Toxicity is a non issue compared the the huge disadvantage of losing anonymity. In fact you're feeding the trolls by giving them hints of ethnicity, gender, etc.
A real name policy also wouldn't actually address the actual problem. Toxic behavior is possible because on the internet you can write angry comments to a person on the other side of the globe and then forget about that person tomorrow. If that person does come back tomorrow then it doesn't matter if they are called "hahaurmom" or "Jonathan Willis".
The word you want is "impunity" not "anonymity". Because awful behaviour persists in actively de-anonymized contexts (eg: Facebook) when there's a power imbalance that puts society (or a local subset of it) on the side of the troll and against the victim.

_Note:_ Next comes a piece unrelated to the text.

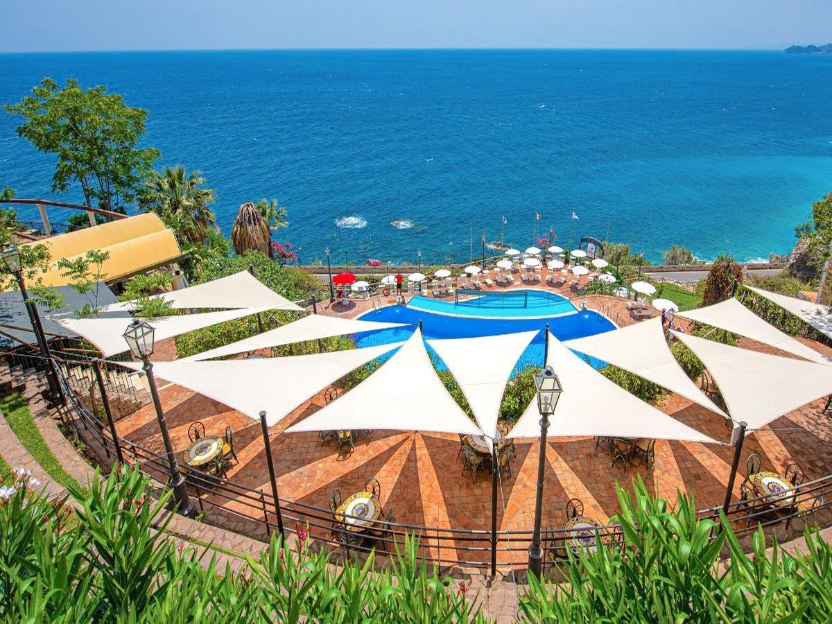 Baia Taormina CDSHotels , con i suoi ampi archi e pergolati, i suoi rivestimenti in pietra locale e rifiniture in cotto artigianale siciliano, si adagia sulla scogliera che sovrasta la baia di Taormina (ME) dalla quale prende il nome.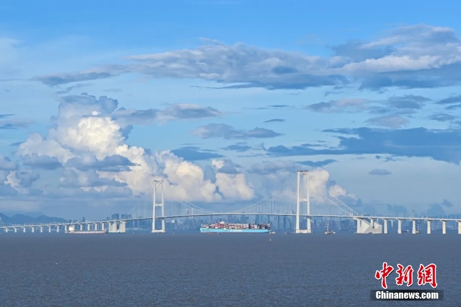 2024年6月28日,广州南沙远眺蓝天碧海之间的深中大桥。 中新社记者 陈骥旻 摄

Consider someone growing up on the internet. The more they're exposed to this sort of content, the more it will be normalized in their mind. The more they're exposed to this sort of content, the more likely susceptible people are to be radicalized by it, and to grow into the same sort of troll. Hiding or suppressing low-quality content creates a herd immunity effect. It prevents a shift of the Overton Window to where "generally allowable discourse" suddenly includes timestamping the most "salacious" parts of a child's video, or telling people to actually kill themselves, or sharing their purely racist, hate-filled viewpoints.
While you may rather be exposed to it because you have the strength and capability to view it as a curiosity and a sociological study, the impressionable among us maybe deserve to not be bombarded with garbage, and we may have a moral duty to at least make some effort to minimize indoctrination and radicalization on these platforms.